▶ What this task involves:
Could you restate word for word the lines running from the one with "غرفة القصيم تطرح" to the end of the data, both ends included, but without pictures?

▶ Given records:
* * * * *

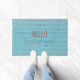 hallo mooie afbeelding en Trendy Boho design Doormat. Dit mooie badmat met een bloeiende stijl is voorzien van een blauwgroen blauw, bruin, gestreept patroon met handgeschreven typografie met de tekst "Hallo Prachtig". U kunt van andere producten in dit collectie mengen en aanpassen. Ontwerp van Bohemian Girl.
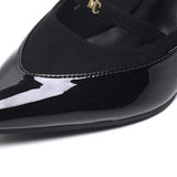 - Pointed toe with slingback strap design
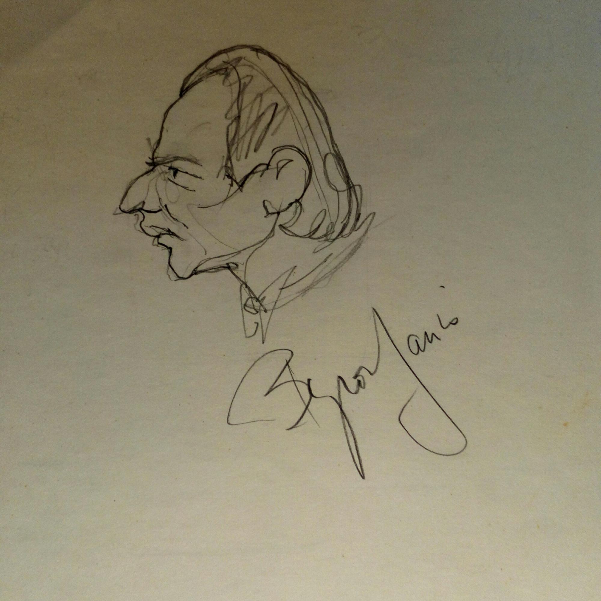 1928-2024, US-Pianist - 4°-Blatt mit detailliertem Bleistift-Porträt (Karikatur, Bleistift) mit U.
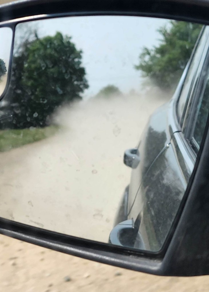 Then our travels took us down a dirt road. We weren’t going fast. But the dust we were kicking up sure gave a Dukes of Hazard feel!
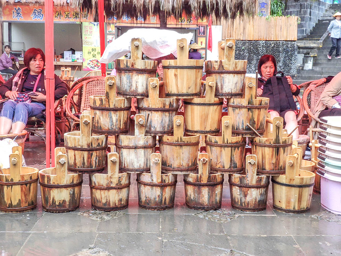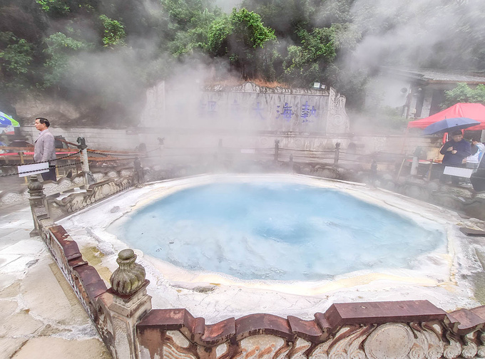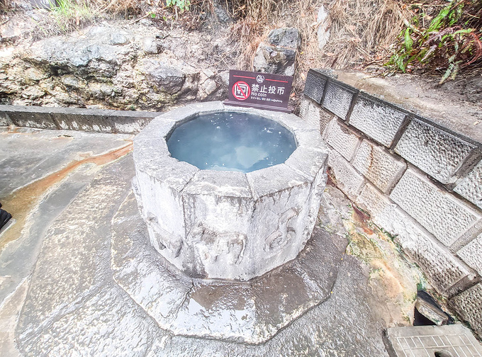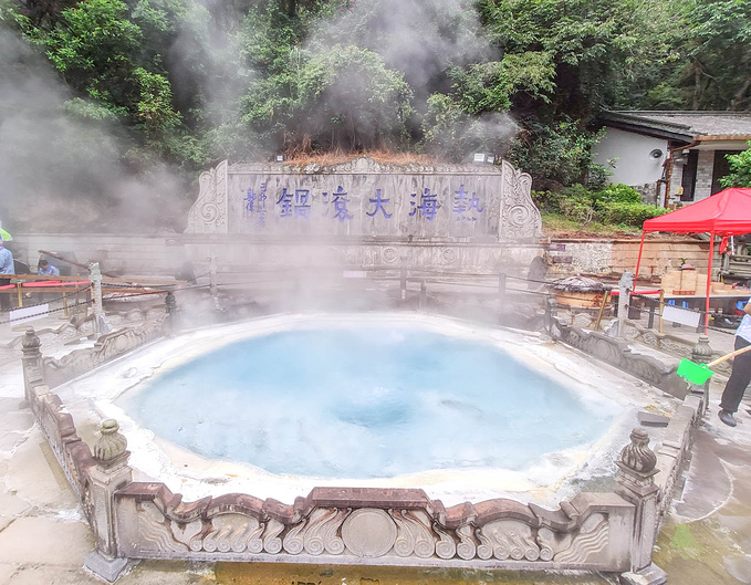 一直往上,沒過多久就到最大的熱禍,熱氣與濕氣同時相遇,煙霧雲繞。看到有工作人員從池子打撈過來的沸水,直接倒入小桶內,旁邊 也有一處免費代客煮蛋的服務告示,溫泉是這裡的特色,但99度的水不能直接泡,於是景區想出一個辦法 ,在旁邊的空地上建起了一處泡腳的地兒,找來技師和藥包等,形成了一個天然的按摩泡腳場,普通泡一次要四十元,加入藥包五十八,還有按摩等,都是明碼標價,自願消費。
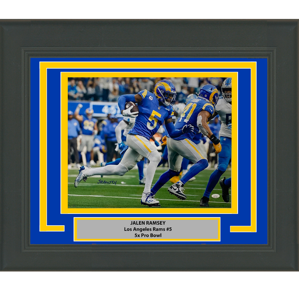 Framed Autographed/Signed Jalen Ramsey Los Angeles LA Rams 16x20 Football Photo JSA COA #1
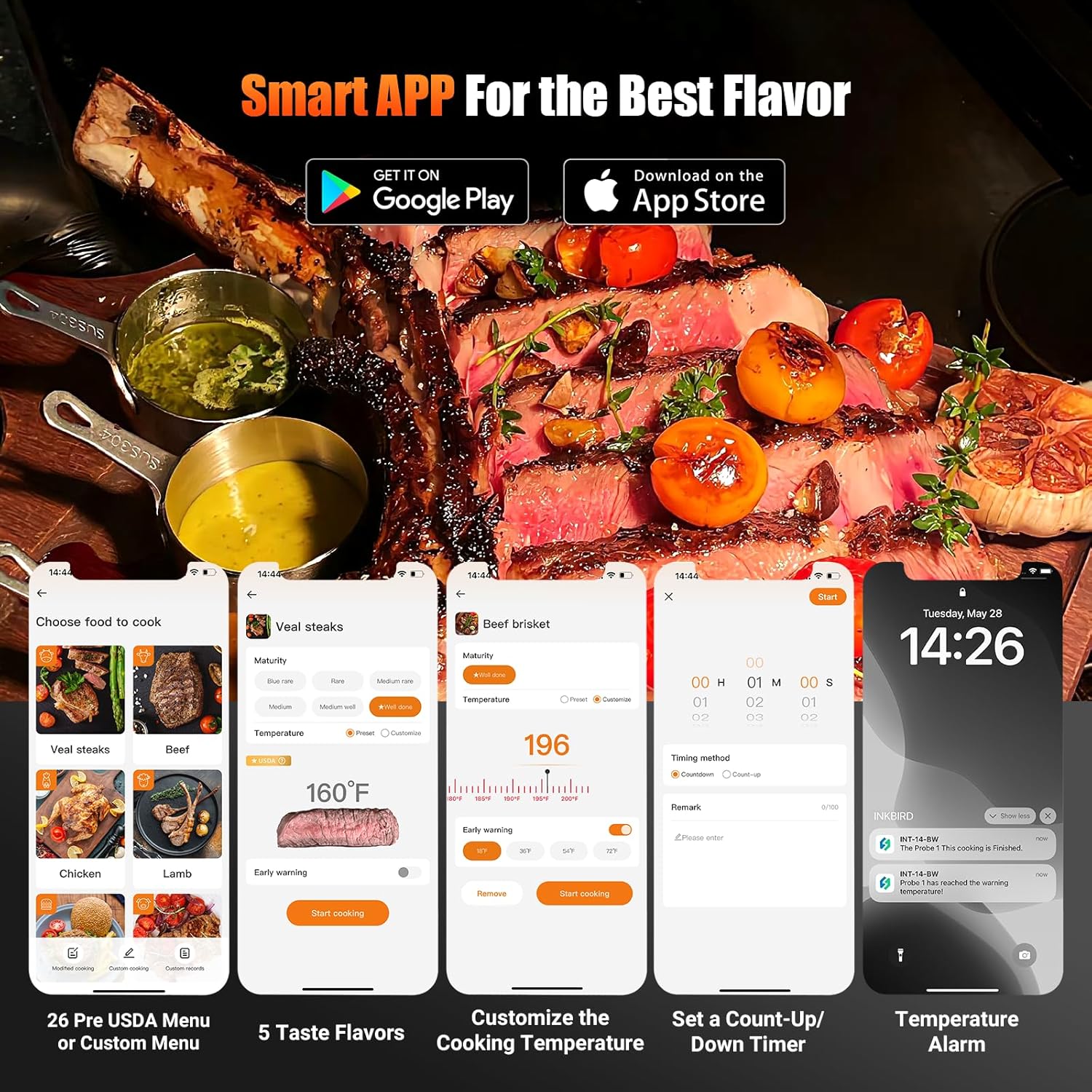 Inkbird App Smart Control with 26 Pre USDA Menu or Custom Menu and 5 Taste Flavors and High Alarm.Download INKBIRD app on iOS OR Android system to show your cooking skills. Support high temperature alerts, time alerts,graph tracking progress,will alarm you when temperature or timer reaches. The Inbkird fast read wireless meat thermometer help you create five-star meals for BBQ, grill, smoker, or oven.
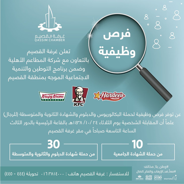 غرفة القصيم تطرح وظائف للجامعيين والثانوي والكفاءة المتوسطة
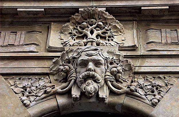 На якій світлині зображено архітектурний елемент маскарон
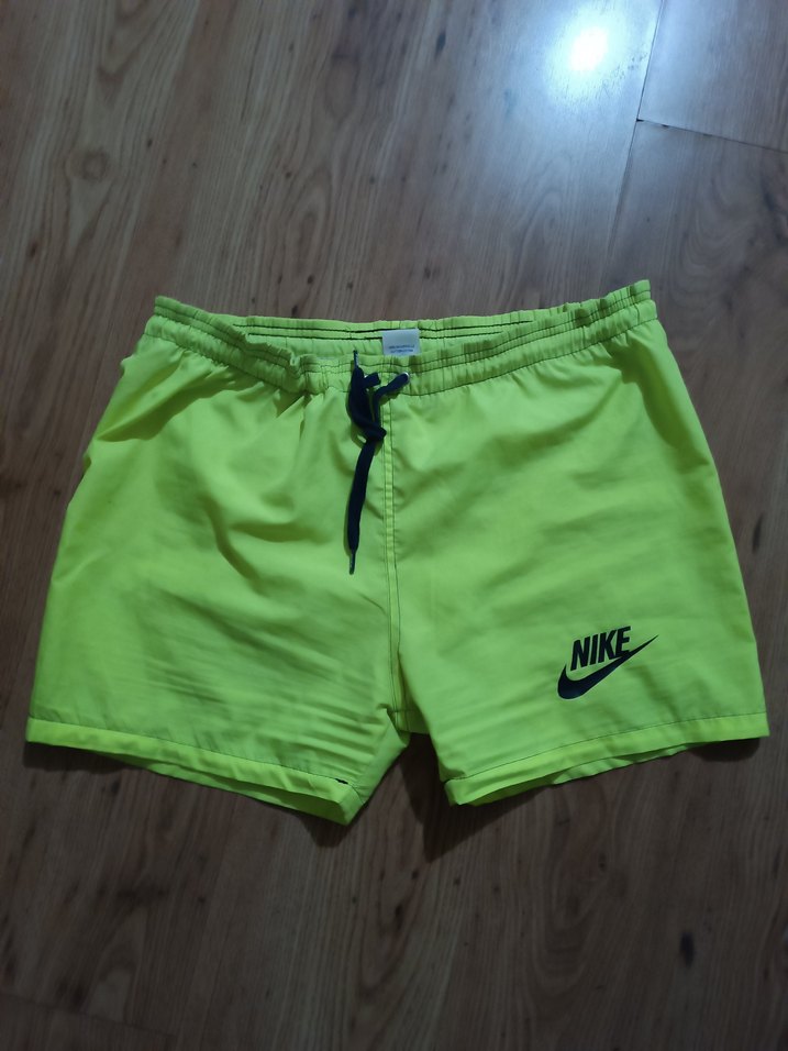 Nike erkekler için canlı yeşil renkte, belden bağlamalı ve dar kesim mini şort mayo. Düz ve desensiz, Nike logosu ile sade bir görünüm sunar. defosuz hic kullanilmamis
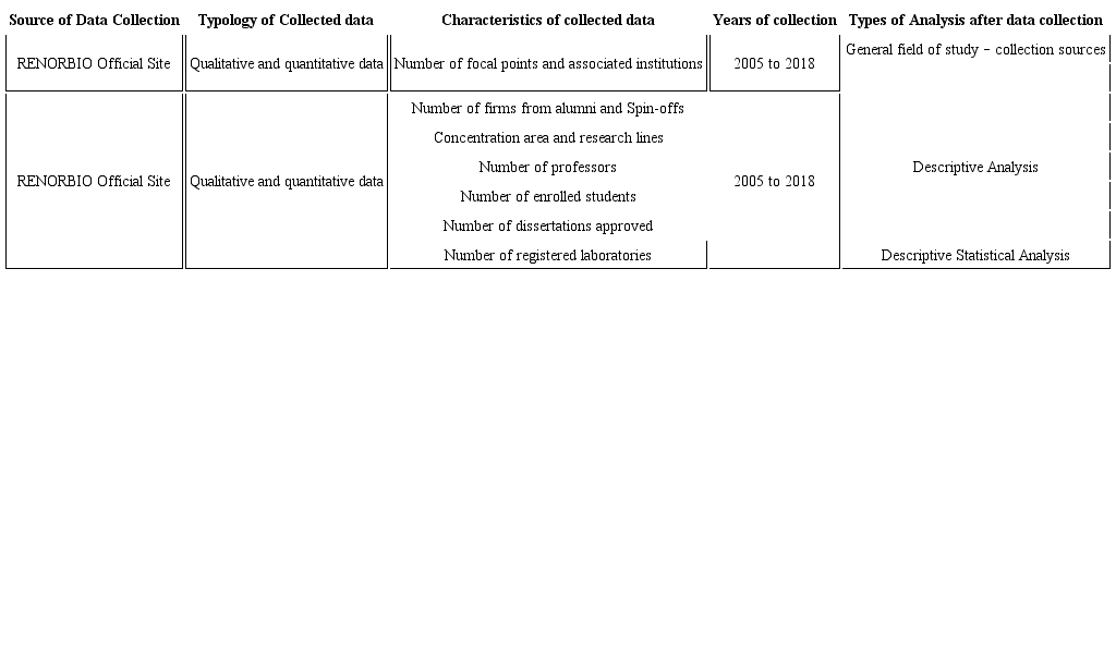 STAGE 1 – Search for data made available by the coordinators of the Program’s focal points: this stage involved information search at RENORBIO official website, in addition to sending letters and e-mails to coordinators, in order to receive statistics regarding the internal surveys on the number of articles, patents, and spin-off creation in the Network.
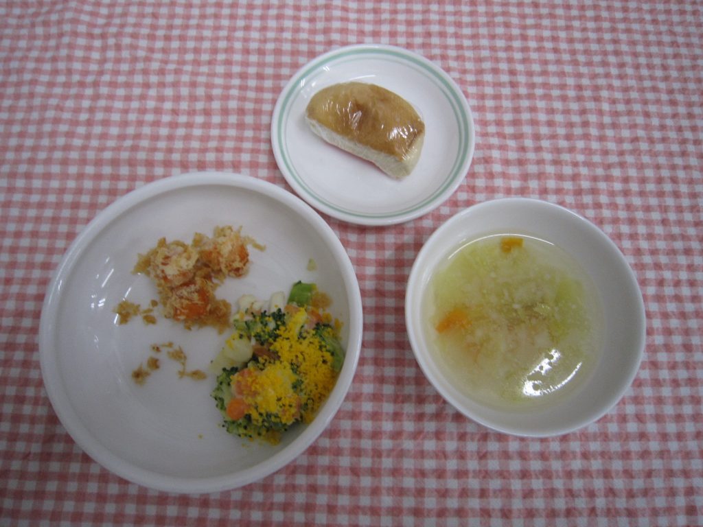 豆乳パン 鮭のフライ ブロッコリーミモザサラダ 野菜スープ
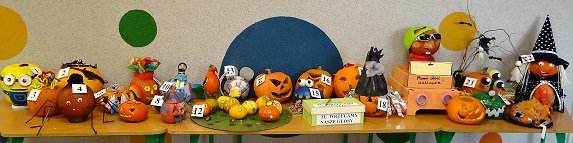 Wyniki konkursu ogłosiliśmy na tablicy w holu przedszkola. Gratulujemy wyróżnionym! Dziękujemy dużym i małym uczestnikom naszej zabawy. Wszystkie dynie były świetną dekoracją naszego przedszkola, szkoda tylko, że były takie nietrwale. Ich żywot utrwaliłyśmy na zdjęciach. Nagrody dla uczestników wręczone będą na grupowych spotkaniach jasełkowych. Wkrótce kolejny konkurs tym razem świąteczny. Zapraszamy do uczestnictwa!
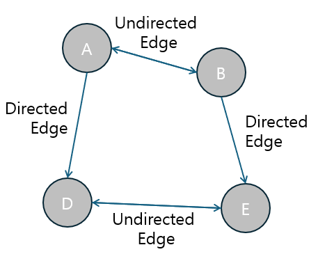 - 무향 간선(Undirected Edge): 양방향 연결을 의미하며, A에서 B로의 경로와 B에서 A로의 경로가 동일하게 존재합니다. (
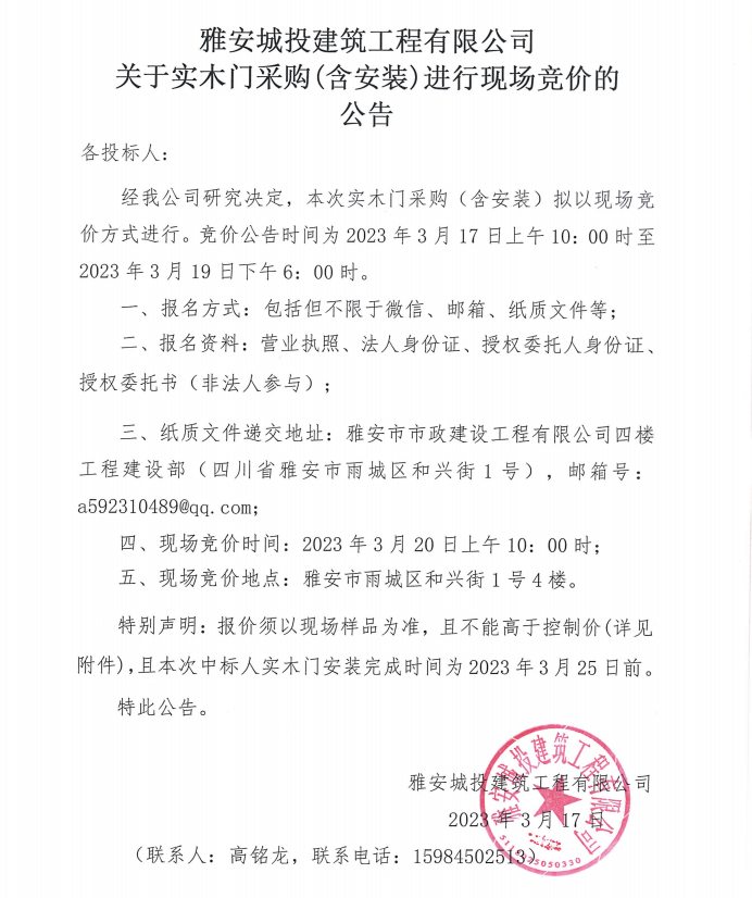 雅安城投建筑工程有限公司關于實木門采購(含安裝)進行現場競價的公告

* * * * *

▶ Result:
 غرفة القصيم تطرح وظائف للجامعيين والثانوي والكفاءة المتوسطة
 На якій світлині зображено архітектурний елемент маскарон
 Nike erkekler için canlı yeşil renkte, belden bağlamalı ve dar kesim mini şort mayo. Düz ve desensiz, Nike logosu ile sade bir görünüm sunar. defosuz hic kullanilmamis
 STAGE 1 – Search for data made available by the coordinators of the Program’s focal points: this stage involved information search at RENORBIO official website, in addition to sending letters and e-mails to coordinators, in order to receive statistics regarding the internal surveys on the number of articles, patents, and spin-off creation in the Network.
 豆乳パン 鮭のフライ ブロッコリーミモザサラダ 野菜スープ
 Wyniki konkursu ogłosiliśmy na tablicy w holu przedszkola. Gratulujemy wyróżnionym! Dziękujemy dużym i małym uczestnikom naszej zabawy. Wszystkie dynie były świetną dekoracją naszego przedszkola, szkoda tylko, że były takie nietrwale. Ich żywot utrwaliłyśmy na zdjęciach. Nagrody dla uczestników wręczone będą na grupowych spotkaniach jasełkowych. Wkrótce kolejny konkurs tym razem świąteczny. Zapraszamy do uczestnictwa!
 - 무향 간선(Undirected Edge): 양방향 연결을 의미하며, A에서 B로의 경로와 B에서 A로의 경로가 동일하게 존재합니다. (
 雅安城投建筑工程有限公司關于實木門采購(含安裝)進行現場競價的公告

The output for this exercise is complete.